The 170 positions requested by the SEC, which are not all full-time, boil down to just 43 full-time equivalents (FTEs) – the largest number of which, 13, would go to the Division of Enforcement, with another five going to Examinations.
The Division of Investment Management would get three new FTEs, divided among 13 new positions.
Altogether, the SEC would go from 4,685 FTEs currently to 5,139 FTEs after completing the hires approved for 2023 and proposed for 2024.
Additional FTEs requested for FY2024
- Enforcement 13
- Examinations 5
- Corp.Fin. 2
- Trad/Markets 2
- Invest. Mgmt. 3
- Econ/Rsk.Analysis 3
- Gen. Counsel 1
- Other Offices 3
- Admin/Support 11
Most of the more pointed questions aimed at Gensler included accusations based on the largely debunked assumption that no U.S. regulatory agency other than the Environmental Protection Agency has legislative authority to regulate anything involving the environment.
“You do not have clear authority to mandate climate-related data gathering, though you may be trying to skew that,” Michael Cloud (R-Texas) said during his turn to question Gensler.
“I’m concerned about the argument for adding employees when you’re having them do things with no authority,” he said.
Gensler told the committee the SEC does have authority under the investment acts to regulate disclosure of data material to investors, pointing out that the SEC has had regulations covering environmental issues on its books since the 1970s.
“Can” is not the same as “should,” however, especially in the case of agencies responsible for particular, very important parts of the U.S. economy, according to Jerry Carl (R-Ala.).
“The primary purpose of the SEC is to enforce laws against market manipulation, maintain fair markets, and facilitate capital formation. What does that have to do with climate emissions?” Carl asked Gensler during the hearing.
There is heavy demand among investors for information about how well a company recognizes climate-related risk to its business operations, and thousands of companies respond by disclosing more and more climate-related data every year, Gensler told the committee.
In previous efforts to explain the rule, SEC officials have said that, since climate data is already disclosed publicly, and investors already use it, the SEC is simply defining what data should be disclosed and how, rather than introducing a completely new requirement to the market.
Opponents of the rule have said it would go far beyond simply making disclosures consistent, arguing that it would require a much higher volume of data of more types and at more cost than is usual for companies reporting voluntarily, even if the Scope 3 requirement that companies disclose greenhouse-gas and risk data about companies in their supply chains as well as themselves were not included in the final rule.
Gensler confirmed that the SEC is examining the flood of negative feedback it received about the rule, and is considering eliminating the Scope 3 requirements along with other potential changes, though he emphasized none of those decisions has been made.

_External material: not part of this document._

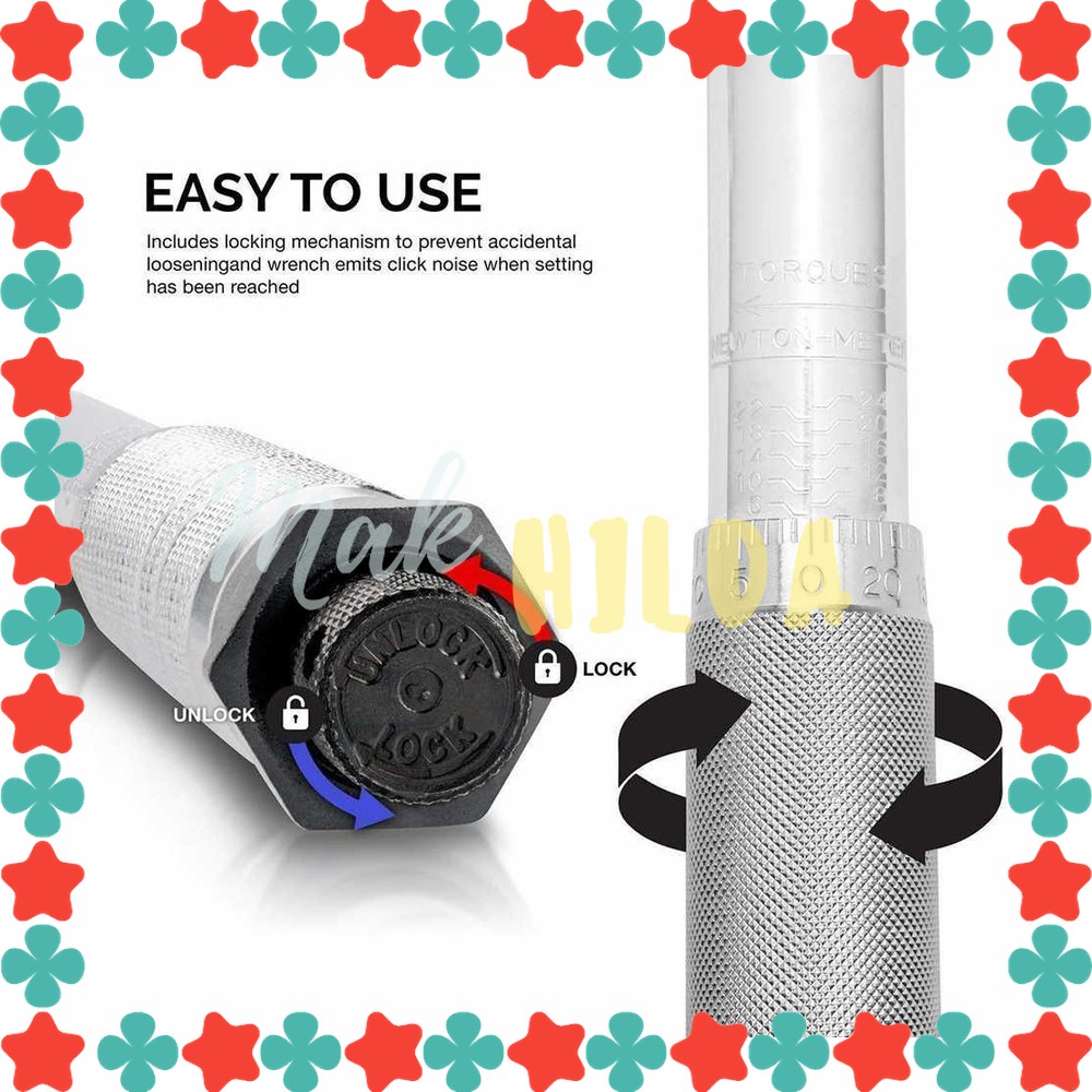 Q : Ready Kak ?A : Bisa langsung order ^^ selama produk ini tayang ;) atau kalau mau tanya lebih lengkap bisa silahkan chat kami ^^Q : GOSEND & GRAB Bisa Kak ?A : chat kami ya, tergantung lokasi ^^,PEGASI Kunci Pas Torque Wrench Two-way Spanner Tools - MXT-372BKunci pas torque wrench biasa digunakan pada ban kendaraan-kendaraan. Torque wrench mencegah Anda mengunci baut terlalu kencang ataupun terlalu longgar sehingga membuat baut Anda menjadi lebih awet.Features Torque Wrench Torque wrench ini memastikan baut pada ban mobil Anda terkunci dengan pas, tidak terlalu kencang dan tidak terlalu longgar. Different Size Torque wrench ini hadir dengan 3 jenis ukuran yaitu 1/4 inch, 3/8 inch dan 1/2 inch. (Beli sesuai varian). Item No. Square Drive Torque Range(N.m) Total Length(mm) Accuracy Weight(kg) 1/4 1/4" 5-25 280 4% 1.0 3/8 3/8" 20-110 295 4% 1.2 1/2 1/2" 28-210 465 4% 1.7 Clockwise Torque Only Torque wrench ini digunakan dengan memutarnya searah jarum jam. Package ContentsBarang-barang yang Anda dapat dalam kotak produk: 1 x PEGASI Kunci Pas Torque Wrench Two-way Spanner Tools - MXT-372B 1 x BoxSpesifikasi PEGASI Kunci Pas Torque Wrench Two-way Spanner Tools - MXT-372BWarnaSilverMaterialSteelDimensiapprox 27cm***HATI-HATI PENIPUAN MENGATASNAMAKAN MAK HILDA.***lebih baik chat/inbox/diskusi langsung dengan kami.MAK HILDAkenapa order di MAK HILDA?1. fast response, mohon antri kami akan jawab satu persatu2. after sales bisa di uji, silahkan komplain jika bermasalah3. garansi jika terjadi kesalahan dari pihak kami.Happy Shopping ;)Jangan lupa follow toko kami dengan klik """"""""ikuti"""""""" dan check PROMO lainnya di toko kami ^^Terima kasih.SKU : 3131/10672241835577671

Ashley Hinson (R-Iowa) took a more aggressive stance that included accusations based on the false assumption that the SEC rules would affect every company, regardless of size or status.
“I see it as a true weaponization of the department. Iowa farmers, Iowa businesses see it that way too,” she said. “I’m also concerned about the expansive reporting requirements for Scope 3 green-house gas emissions and the devastating impact that would have for Iowa farmers because large corporations have teams of attorneys that can help them comply; farmers don’t have that, so I’m very concerned about the precedent that’s being set here.”
“Our remit is on the 7,000 or 8,000 public companies out there, and just over the public companies, so it’s not the farmers that you’re referencing who would be affected,” Gensler said.